Sensor Fusion by Spatial Encoding for Autonomous Driving

Quoc-Vinh Lai-Dang,Jihui Lee,Bumgeun Park,Dongsoo Har
2023-08-17
Abstract:Sensor fusion is critical to perception systems for task domains such as autonomous driving and robotics. Recently, the Transformer integrated with CNN has demonstrated high performance in sensor fusion for various perception tasks. In this work, we introduce a method for fusing data from camera and LiDAR. By employing Transformer modules at multiple resolutions, proposed method effectively combines local and global contextual relationships. The performance of the proposed method is validated by extensive experiments with two adversarial benchmarks with lengthy routes and high-density traffics. The proposed method outperforms previous approaches with the most challenging benchmarks, achieving significantly higher driving and infraction scores. Compared with TransFuser, it achieves 8% and 19% improvement in driving scores for the Longest6 and Town05 Long benchmarks, respectively.
Computer Vision and Pattern Recognition,Artificial Intelligence,Machine Learning,Robotics
What problem does this paper attempt to address?
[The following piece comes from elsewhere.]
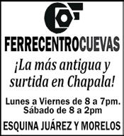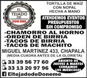 TORTILLERÍA TEJEDA.- Jesús García 52-A San Antonio Tlayacapan, Tel. 376 766 5309; Chapala, Ramos Millán No. 52, Chapala: López Cotilla 353. Cel. 3314453860, Servicio a domicilio.

The problem that this paper attempts to solve is how to effectively fuse data from cameras and Light Detection and Ranging (LiDAR) in the field of autonomous driving to improve the vehicle's perception ability of the surrounding environment. Specifically, the paper focuses on how to combine the advantages of these two sensors, namely the semantic information provided by cameras and the three - dimensional geometric information provided by LiDAR, to enhance the performance of autonomous vehicles in complex traffic environments. ### Background and Challenges - **Cameras**: They can provide rich semantic information, such as recognizing traffic lights, pedestrians, etc., but lack three - dimensional depth perception. - **LiDAR**: It is good at understanding the geometric characteristics of 3D scenes, but has limited ability in detecting semantic objects, for example, it is difficult to recognize traffic lights. ### Solutions The paper proposes a Transformer - based multimodal fusion method. By using Transformer modules at multiple resolutions, it effectively combines local and global contextual relationships. The main contributions include: 1. **Feature Representation**: It combines sine position encoding and learnable sensor encoding to generate a more refined multimodal fusion feature representation. 2. **Safety and Interpretability**: The proposed fusion mechanism enhances the safety and interpretability of autonomous driving scenarios and helps to make more reliable decisions. 3. **Performance Improvement**: In two challenging CARLA benchmarks (Longest6 and Town05 Long), this method outperforms existing methods, especially achieving significant improvements in driving scores and violation scores. ### Experimental Results - **Longest6 Benchmark**: Compared with TransFuser, the driving score is increased by 8% and the violation score reaches 0.65. - **Town05 Long Benchmark**: The driving score is increased by 19% and the violation score reaches 0.73. ### Conclusion The method proposed in the paper not only improves the perception ability of autonomous vehicles in complex environments through effective multimodal fusion, but also enhances the safety and reliability of the system. Compared with existing methods, this method performs well in multiple benchmarks, proving its potential in practical applications.